Ask.YC: task management software?  - epall

I have been using Llama Graphics' Life Balance (http://www.llamagraphics.com/LB/index.php) for a couple of years now, but in that time they have made one minor update and asked me for $50 on top of the $70 I already paid. With a buggy, unintuitive interface and glacial development times, I think it's time to retire Life Balance.<p>What solutions do you use for keeping track of tasks across different parts of your life? My favorite feature of LB is the ability to subdivide every task into smaller ones, creating a task tree with priorities assigned to every node. The software then does some simple multiplication and traversal to give me a prioritized task list based on what I've put in. Is there something out there that would allow me to do this and access the information from both my Mac and Treo?
======
davidw
I wrote this:

<http://stufftodo.dedasys.com/>

It's not that fancy - you have to figure out where stuff comes in the list.
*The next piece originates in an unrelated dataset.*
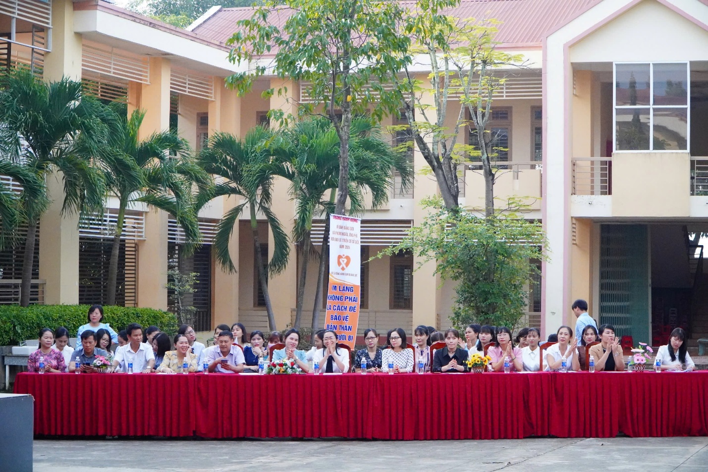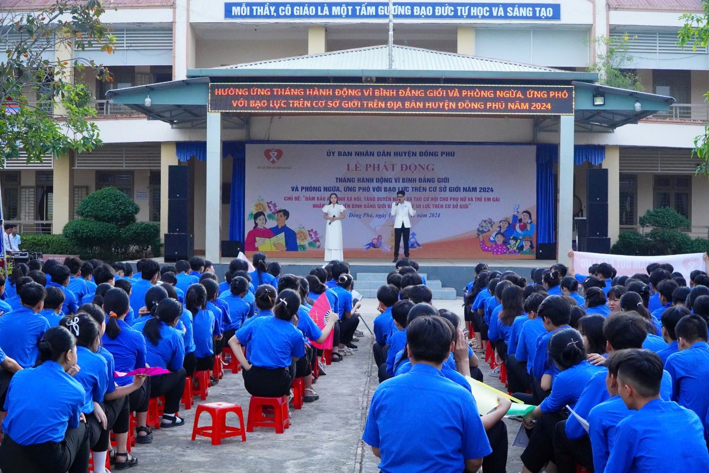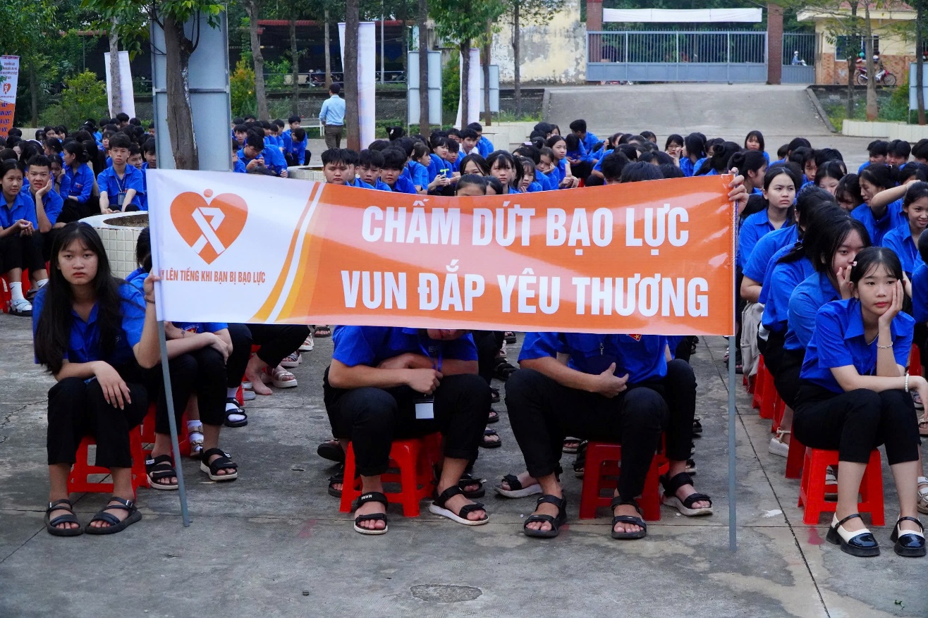 Đông đảo học sinh dự lễ với các khẩu hiệu tuyên truyền về công tác bình đẳng giới và phòng ngừa, ứng phó bạo lực trên cơ sở giới

It
is, however, open source, and I'd welcome people doing interesting things with
it.

------
dkokelley
A very simple but free project manager I've used is Planner
<http://live.gnome.org/Planner> and it's worked pretty well for me, but it
does require you to do some mental work to come up with a task list. Stufftodo
looks better. I think I'll check that out too.

------
aggieben
rememberthemilk.com

It's fantastic and free, has a mobile edition and widget(s) for igoogle and
netvibes.